The study examines US upstream spending and performance data over the past 5 years for the largest 50 companies based on yearend 2013 oil and gas reserve estimates.
Capital expenditures in 2013 declined 7% to $173.5 billion from the previous year. E&Y credits lower unproved property acquisition costs and lower exploration costs for the reduction. Although exploration costs declined 15% in 2013, the level of spending represented the second highest amount of the 5-year study period.
Development spending increased every year of the 5-year study period to reach $106.7 billion. Independents, large independents, and integrated companies each experienced an increase in development spending, but each spent less on exploration.

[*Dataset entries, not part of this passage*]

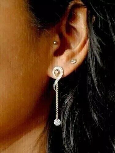 2Ct Round Cut Lab Created Diamond Drop/Dangle Earrings 14K Two Tone Gold Plated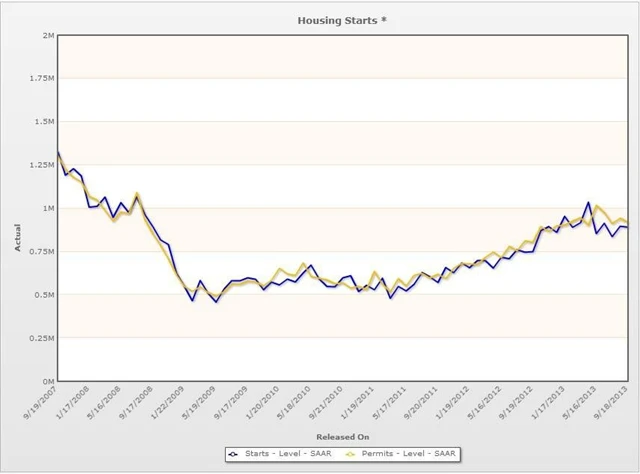 Stavitelé v srpnu zahájili práci na méně domech, než se původně očekávalo. Zahájená výstavba vzrostla jen o 0,9 % na celoroční tempo 891 tisíc, analytici vyhlíželi 917 tisíc. Červencové údaje byly navíc revidovány níže na 883 tisíc z původně hlášených 896 tisíc. Rostoucí hypoteční sazby tak očividně zpomalují oživení na trhu s nemovitostmi. Počet vydaných stavebních povolení klesl o 3,8 % na celoroční tempo 918 tisíc.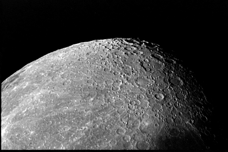 The south polar regions of the Moon contain some of the most rugged and mountaineous terrain anywhere on the lunar surface. Particularly impressive are the Libnitz mountains, which reach over 10,000m high. Higher than any mountain on Earth. In the image above, the lunar south pole is at the right-hand edge of the image.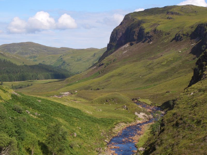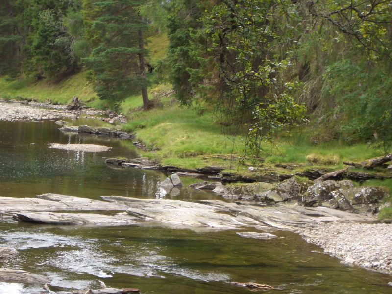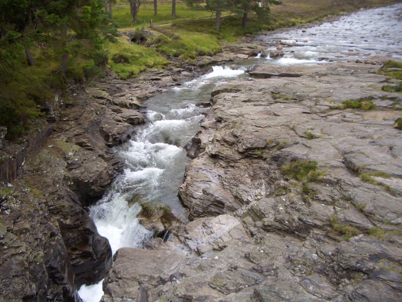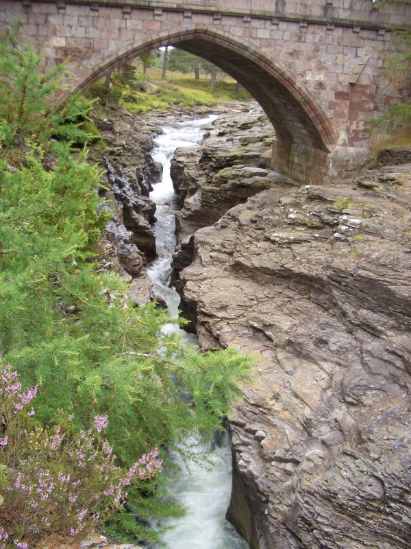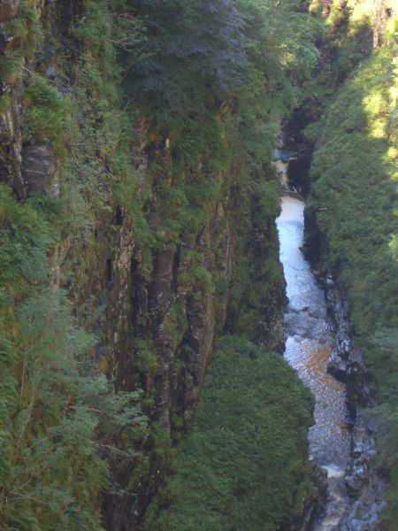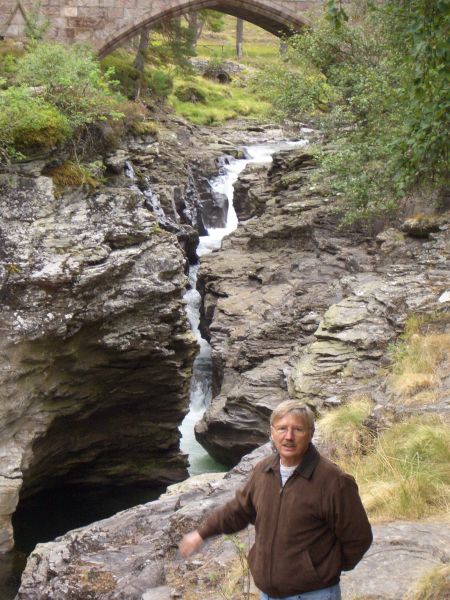 We stayed at a very pleasant B&B and ate at the local golf club (fish and chips, of course). We set off early the next morning to visit the Linn of Dee. Most of the place names are Gaelic and had English translations on the signs but the pronunciation can be quite strange. We did not know what "Linn" means. Here is an example of Gaelic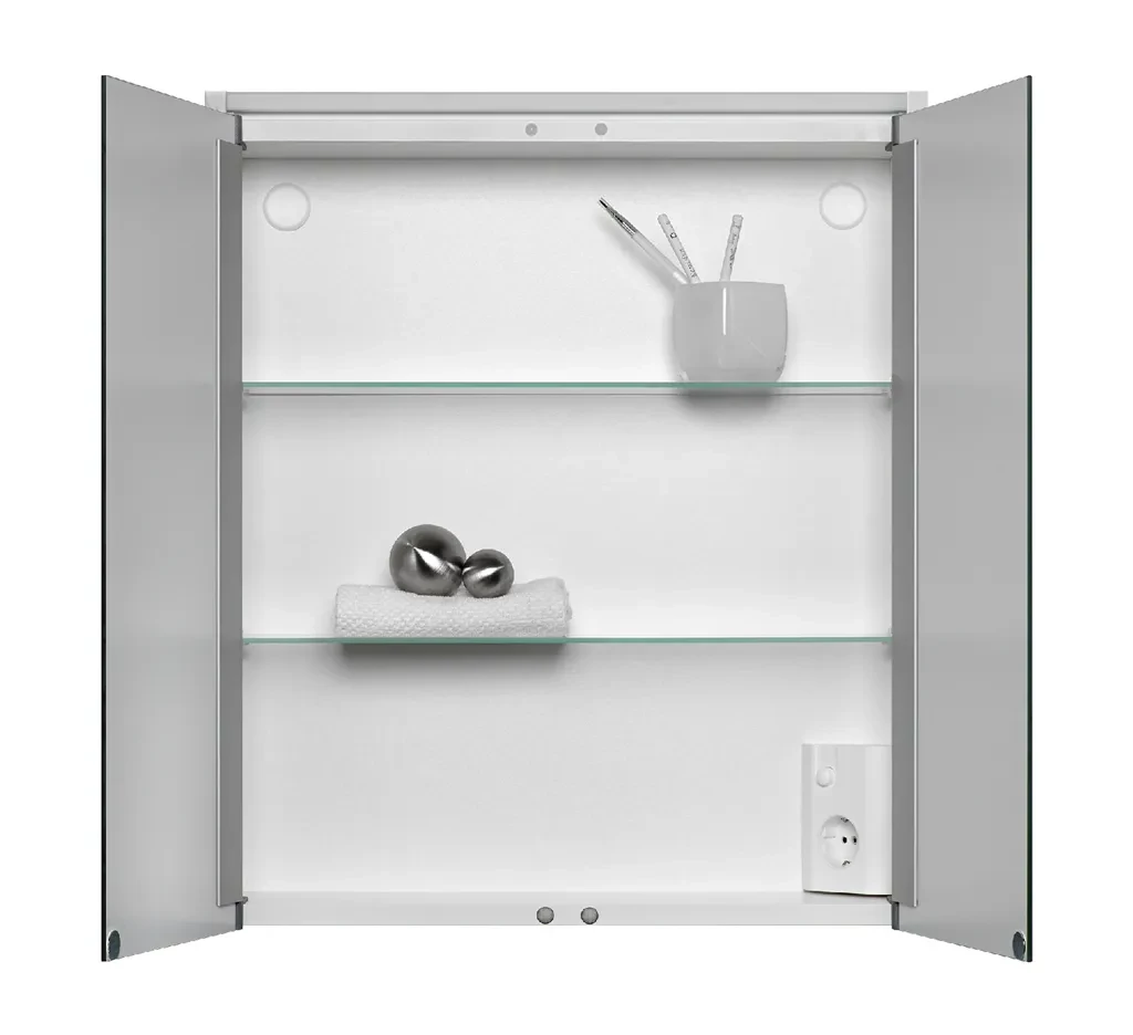 Vybavení: 2 křišťálové sklo zrcadlové dveře, nastavitelné skleněné poličky, bezpečnostní zásuvka a vypínač, centrální zrcadlo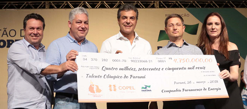 Nesta segunda-feira, em Campo Mourão, o governador Beto Richa também participou do evento Gestão do Esporte, promovido pela Secretaria de Estado do Esporte e Turismo. No encontro, ele recebeu do diretor jurídico e de relações institucionais da Copel, Cristiano Hotz, um checão de R$ 4,7 milhões para garantir bolsas aos atletas do TOP deste ano. A Copel é a patrocinadora do programa.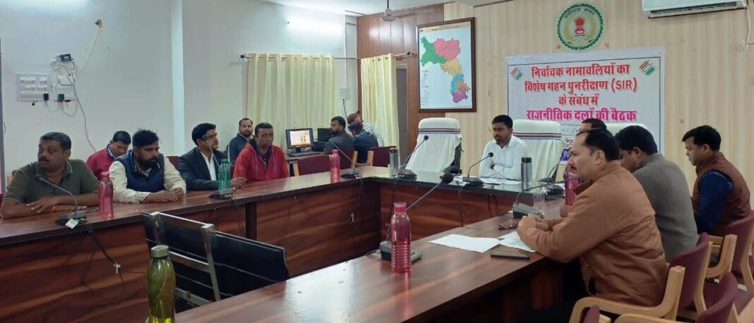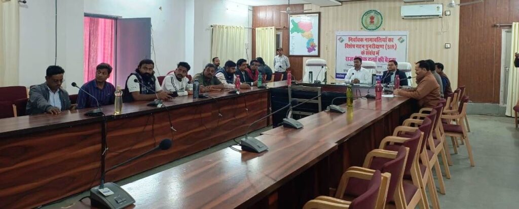 एमसीबी/24 नवम्बर 2025/ भारत निर्वाचन आयोग के निर्देशानुसार निर्वाचन नामावली के विशेष गहन पुनरीक्षण कार्यक्रम के तहत आज कलेक्ट्रेट सभाकक्ष में पंजीकृत राजनीतिक दलों की महत्वपूर्ण बैठक आयोजित हुई। बैठक की अध्यक्षता कलेक्टर एवं जिला निर्वाचन अधिकारी डी. राहुल वेंकट ने की, जबकि अपर कलेक्टर एवं उप जिला निर्वाचन अधिकारी अनिल कुमार सिदार ने संचालन एवं मार्गदर्शन प्रदान किया। बैठक में 01 जनवरी 2026 की संदर्भ तिथि पर आधारित विशेष पुनरीक्षण (SIR) की प्रगति से सभी प्रतिनिधियों को अवगत कराया गया तथा राजनीतिक दलों से आग्रह किया गया कि वे शीघ्र बूथ लेवल एजेंट (बीएलए) की नियुक्ति कर सूची उपलब्ध कराएं, ताकि पुनरीक्षण कार्य सुचारू रूप से आगे बढ़ सके।

"While we saw lower capital expenditure numbers in 2013, that is due in part to the advancement in technologies and processes that are making exploration and production less expensive and more efficient," said Deborah Byers, E&Y oil and gas leader.
A 53% increase in after-tax profits to $33.4 billion for the study companies in 2013 was facilitated by an 11% increase in revenues and significant decrease in property impairments, E&Y says. In 2012, study companies reported a 58% decrease in after-tax profits, which E&Y attributed to low natural gas prices (OGJ Online, June 4, 2013).
Revenues reached $199 billion in 2013 as oil production and oil prices increased. Production costs for the year increased mainly because of higher lease operating expenses, and many companies made strong investments in their 2013 operations with a plowback percentage of 125%, E&Y says.
Oil, gas reserves rise
Yearend oil reserves increased in each year of the study and reached 25.4 billion bbl in 2013. After decreasing in 2012 because of downward reserve revisions caused by depressed natural gas prices, yearend gas reserves climbed to 178.7 trillion cu ft.
While natural gas prices fared slightly better last year, positively impacting gas reserves, gas production dipped slightly for the first time in the study's 5-year period.
Extensions and discoveries for both oil and gas reserves in 2013 were the highest of the 5-year study period. These additions for oil reserves encompassed 4.1 billion bbl in 2013 and contributed to an oil production replacement rate of 222%, excluding purchases and sales.
Extensions and discoveries of 29.9 tcf were reported for gas reserves, and the gas production replacement rate was 229%, excluding purchases and sales.
"Large independents accounted for the largest absolute increases in oil and gas reserves in 2013, though the gas reserves still remain below the level we saw in 2011," Byers said.
The US oil and gas reserves study is a compilation and analysis of certain oil and gas reserve disclosure information reported to the Securities and Exchange Commission.